YN: Native Earth was created as a place for Native artists to work together to create theatre. The vision is still to create, develop, and produce the professional artistic expression of the Aboriginal experience in Canada through theatre, dance and multi-disciplinary work, new script development, apprenticeships and internships. As the community has evolved, so has the company. We have more artists who have more formal training, or are trained in multiple disciplines. They have seen a body of work as they grew up, work by Native artists, and by artists from other cultural communities, and all that has inspired them. We are currently developing an opera in English, French and Algonquin, complete with a chorus of wolves, scientests, trees, and a 150-year heroine. The music is a combination of baroque and traditional. In a recent workshop, we had three Native singers. At the same time, we are still nurturing emerging writers who are writing about blood quantum, familial dysfunction, the apocalypse...

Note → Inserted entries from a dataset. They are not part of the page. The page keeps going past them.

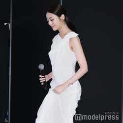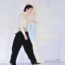 同ブランドのジャパンアンバサダーを務めている宮沢は、衣装について「ナチュラルな素肌感を表現しつつ、輝きが表現できたらいいなと思って、この衣装を選びました」と笑顔。仕事で輝き続けるための源を問われると「物語の中である役を生きるというのが仕事なんですけど、その作品を見てくださる方がいて、見てくださった方の人生のエッセンスになるようなことになるように頑張るっていうことが、一番の源ですね。やっぱり、見てくださった方の心が揺さぶられるようなお芝居をしたいっていう気持ちが、一番の原動力になっていると思います」と考えを明かした。いま挑戦したいことを問われると「プライベートでも、意外とやったことのないことをやるのが好きで。スポーツでも、去年・一昨年からスノボーを始めたり。やったことないことはとにかく、やってみたくて」「絵を描くのが好きなんですけど、絵の展覧会というのを、いつかこういう大きな素敵な会場でできたらいいなっていうのは、一番の夢だったりします」と語った。
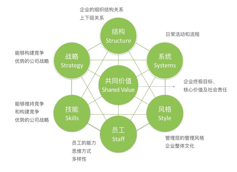 7-S模型指出了企业在发展过程中必须全面地考虑各方面的情况,包括结构(Structure)、系统(Systems)、风格(Style)、员工(Staff)、技能(Skills)、战略(Strategy)、共同价值观(Shared Values)。
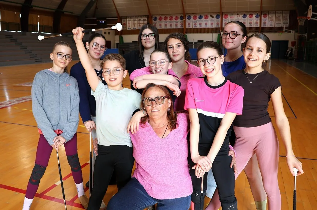 photo  la présidente du twirling club sabolien, isabelle chatelain, entourée par une partie des jeunes pratiquants qualifiés pour le championnat national disputé à sablé-sur-sarthe les 10 et 11 avril 2026.  ©  ouest-france 1
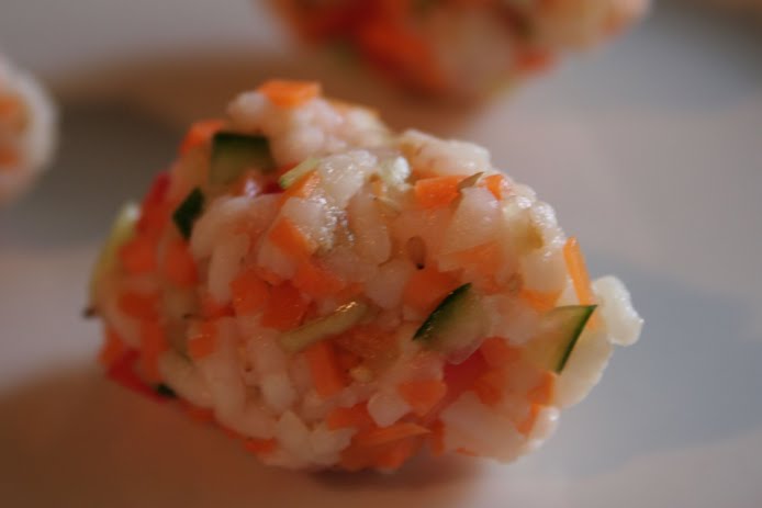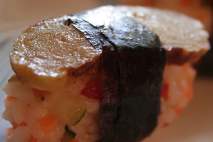 Eine Variante ist weiterhin den Reis mit Gemüse und Sesam zu mischen, wie es bei der Zubereitung der Inari beschrieben wird.
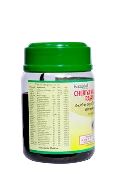 S.No Sanskrit Name Botanical Name Qty 1 Sarkara Saccharum officinarum 4.320 g 2 Ghritam Ghee 1.280 ml 3 Makshika Honey 1.280 ml 4 Punarnava Boerhavia diffusa 0.040 g 5 Amrita Tinospora cordifolia 0.040 g 6 Haritaki Terminalia chebula 0.040 g 7 Amalaki Phyllanthus emblica 0.040 g 8 Vibhitaki Terminalia bellirica 0.040 g 9 Sunthi Zingiber officinale 0.040 g 10 Maricha Piper nigrum 0.040 g 11 Pippali Piper longum 0.040 g 12 Ela Eletteria cardomomum 0.040 g 13 Patra Cinnamomum tamala 0.040 g 14 Twak Cinnamomum verum 0.040 g 15 Yavani Cuminum cyminum 0.040 g 16 Saindhava Rock salt 0.040 g 17 Vidanga Embelia ribes 0.040 g 18 Rasna Alpinia galanga 0.040 g 19 Bharngi Rotheca serrata 0.040 g 20 Chavya Piper mullesua 0.040 g 21 Grandhika Piper longum (wild var.) 0.040 g 22 Dhanya Coriandrum sativum 0.040 g 23 Karijiraka Nigella sativa 0.040 g 24 Madhurika Foeniculum vulgare 0.040 g 25 Mamsi Nardostachys grandiflora 0.040 g 26 Kushtha Saussurea costus 0.040 g 27 Chitraka Plumbago zeylanica 0.040 g 28 Sariba Hemidesmus indicus 0.040 g 29 Varahi Curculigo orchioides 0.040 g 30 Aswagandha Withania somnifera 0.040 g 31 Madhusnuhi Smilax china 0.040 g
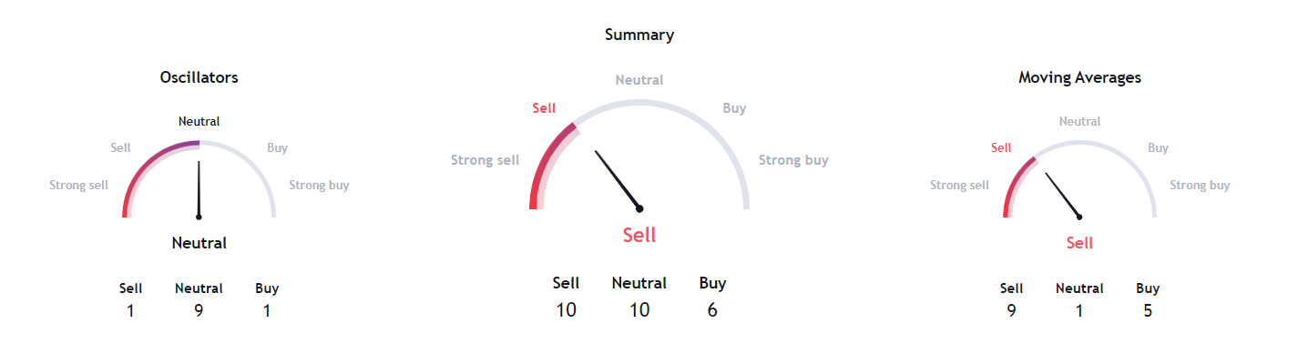 Nelle 24 ore, le medie mobili suggeriscono di vendere, mentre gli oscillatori propendono per la neutralità. Se si estende l’orizzonte temporale a una settimana, la tendenza si inverte e le medie mobili indicano un segnale di acquisto, mentre gli oscillatori rimangono neutrali.

NV: What drew you to the profession of theatre?
YN: My parents, an Algonquin woman and an Irish immigrant, valued the arts inordinately, so they gave me books of art, piano and ballet lessons, drama classes, literature, from a very young age. I was a performer from a very young age, thought I wanted to be a ballet dancer, then an actor. I wanted to tell stories, and it is easier to tell stories as a playwright, as a director, as a producer. Voice was important to me very early, because both my parents came from silenced people, colonized people. Both came to English from another tongue - my father was the best Irish speaker in high school! - I have his award. My mother spoke Algonquin first, then French, then English.
NV: What is your earliest theatrical memory?
YN: Oh my, I don't remember the first one. I remember rounding up the neighbourhood kids and creating plays with them when I was seven. I remember doing the doll dance and the bee ballet when I was seven and eight years old at the Royal Winnipeg Ballet school. Man, I milked those for a good decade, because my mother never got tired of laughing at me sending myself up. "Do the bee ballet! Do the bee ballet!"
NV: If you could go back in time, which era would you visit?
YN: None. I don't want to go back. I only want to move forward. I don't really need to go back in time, because in my cosmology, all times exist now anyway. The ancestors are here with us, right?
NV: What's the longest standing item on your "To Do" list?
YN: Ooooooooooohh stop, it hurts.
NV: What is your greatest indulgence?
YN: I don't think of them as indulgences, I think of them as necessities. Chocolate, red wine, the New Yorker, boyfriends. Nachos. Maybe nachos.
NV: Fill in the blank: It's not theatre if it's not ___________.
YN: I don't know if I could ever say what theatre is not. I have seen theatre with no performers in it. I have seen theatre with no audience. I have seen theatre that did not change anyone in any way, and I guess for me theatre needs to be transformative. We need to be changed through the process of it, of doing it, of watching it, of participating in it. So for me, personally, its not theatre if it is not transformative. But that is a very personal thing.
NV: The 2009-2010 Season marks Native Voices' Tenth Anniversary at the Autry. Where do you think Native theatre will be in the next ten years?
YN: Oh my god. Visible. I hope we can be visible. On more stages, not just Native stages, but on other stages, being produced by other producers with resources.